Records from a data collection:
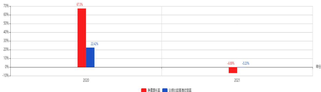
基金每年的净值增长率及与同期业绩比较基准的比较图

注：业绩表现截止日期 2021 年 12 月 31 日。基金过往业绩不代表未来表现。
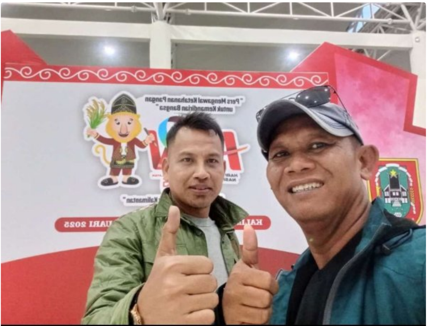
Sekretaris dan Bendahara PWI Kabupaten Morowali

MOROWALI, Sulawesi Tengah- Pengurus Persatuan Wartawan Indonesia (PWI) Kabupaten Morowali, Sulawesi Tengah menyatakan siap mengikuti puncak peringatan Hari Pers Nasional (HPN) di Banjarmasin, Kalimantan Selatan.
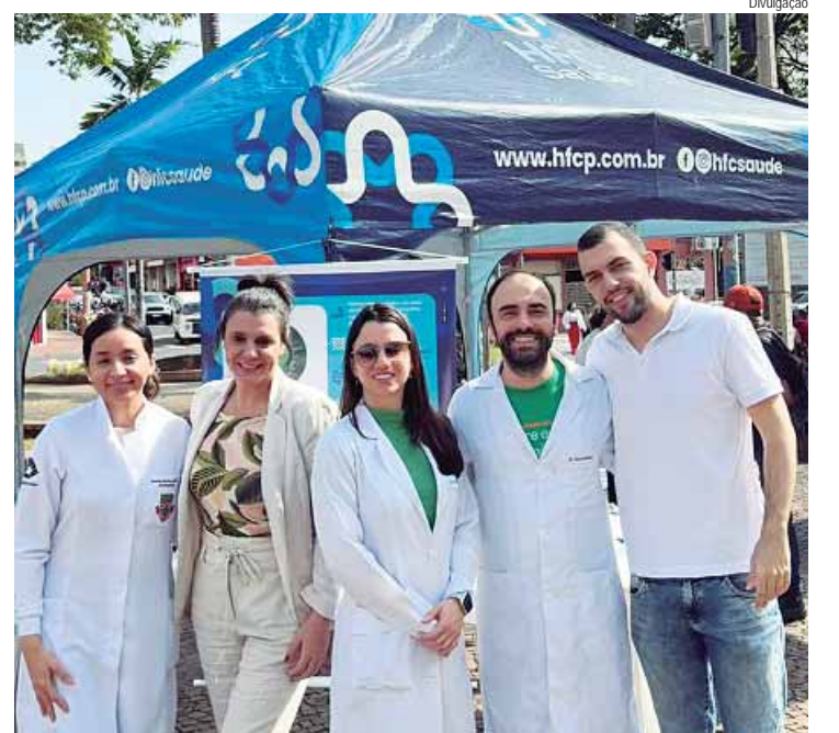
Equipe fez atendimento no Terminal Central de Piracicaba

UMA DOENÇA ÀS VEZES ASSINTOMÁTICA - Os tumores de cabeça e pescoço podem ser assintomáticos no princípio da doença. O diagnóstico das lesões iniciais é fundamental para garantir que os índices de cura se aproximem de 100%. Com o seu desenvolvimento, alguns sinais e sintomas podem aparecer, como manchas brancas na boca, dor local, lesões com sangramento ou cica-
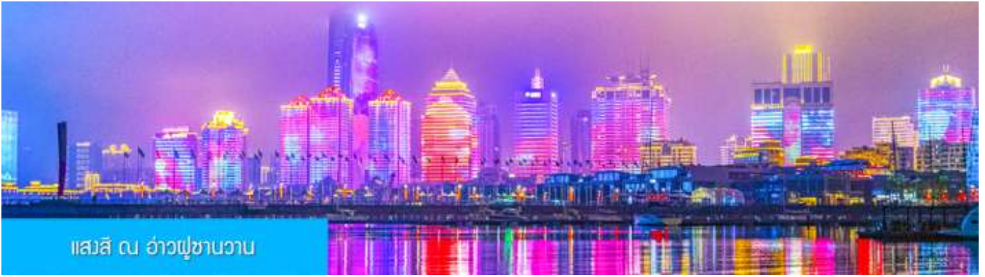
แสงสี ณ อ่าวฟูซานวาน

หลังอาหารนำท่านชมความอลังการของแสงสี ณ อ่าวฟูซานวาน 浮山湾灯光秀 ชมความอลังการของแสงสียามหัวค่ำ และไฟที่เต้นระบำได้บนตึกสูง และเป็นหนึ่งในไนท์วิวที่สวยงามที่สุดแห่งหนึ่งของจีน..... พักที่ JIFENG INTER HOTEL โรงแรมระดับ 4 ดาวท้องถิ่น ในเมืองเมืองชิงเต่า
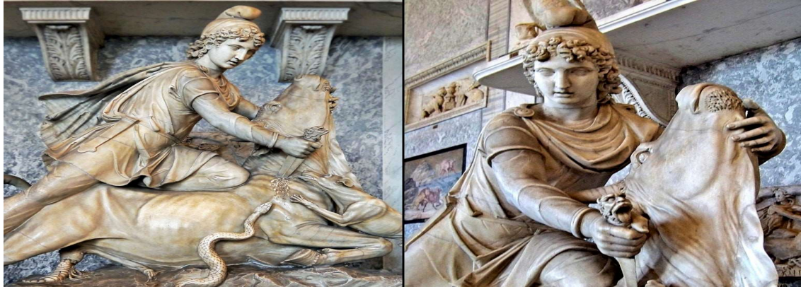
Şekil 2: Mitra'nın Bođa Öldürme Sahnesi Pio Clementino Müzesi - Vatikan Müzesi

Mitraizm ile ilgili en çok çizilmiş resim, yapılmış kabartma ve heykel, Mitra'nın bođa öldürme sahnesini gösteren tasvirdir. Bu resimde Mitra, boyun eğdirdiđi bir bođaya binmiş olarak resmedilmiştir. Mitra bu resimde bođanın başını sol eliyle arkaya doğru çekmekte ve sağ eliyle de iki omuzu arasına kılıç veya bıçak saplamaktadır. Siyah bir kuzgun Mitra'nın başı üzerinde durmakta, kanat çırpmakta ve
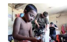
EL NIÑO PROTAGONISTA DE LOS MONSTRUOS NO EXISTEN, DURANTE EL RODAJE.

El cortometraje ha recibido 27 premios y varias menciones en distintos festivales de España, Italia, la India, Grecia, Australia, Perú y Uruguay. Puede verse entrando en nuestro canal youtube de www.protectgh.org ☺
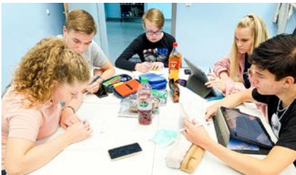
SuS bei der Gruppenarbeit

viel Aufmerksamkeit? Wie bringe ich die Kundschaft dazu, mein Produkt zu kaufen? Das sind nur einige Fragen, mit denen sich die SuS auseinandersetzen. Bei einem Besuch an der Hochschule Anhalt konnten die SuS mit der Eyetracking-Methode dann selbst erforschen, was die Blicke der potenziellen Kundinnen und Kunden anzieht. Dabei wird gemessen, wie lange eine Person auf einen bestimmten Punkt in einem Bild sieht.
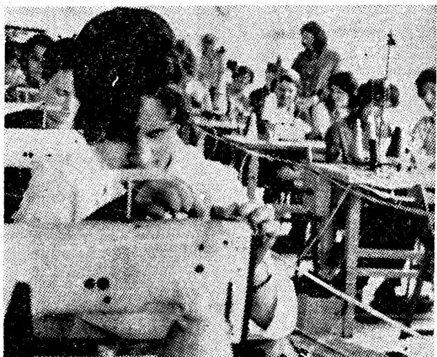
Instantaneu din secția confecției a fabricii de tricotaie care în curînd își va începe procesul de producție.

Problem statement: Set down the records above exactly as written, beginning with the first line and ending with the line that contains "Sekretaris dan Bendahara", and do not include pictures.

Answer to the exercise:
基金每年的净值增长率及与同期业绩比较基准的比较图

注：业绩表现截止日期 2021 年 12 月 31 日。基金过往业绩不代表未来表现。
Sekretaris dan Bendahara PWI Kabupaten Morowali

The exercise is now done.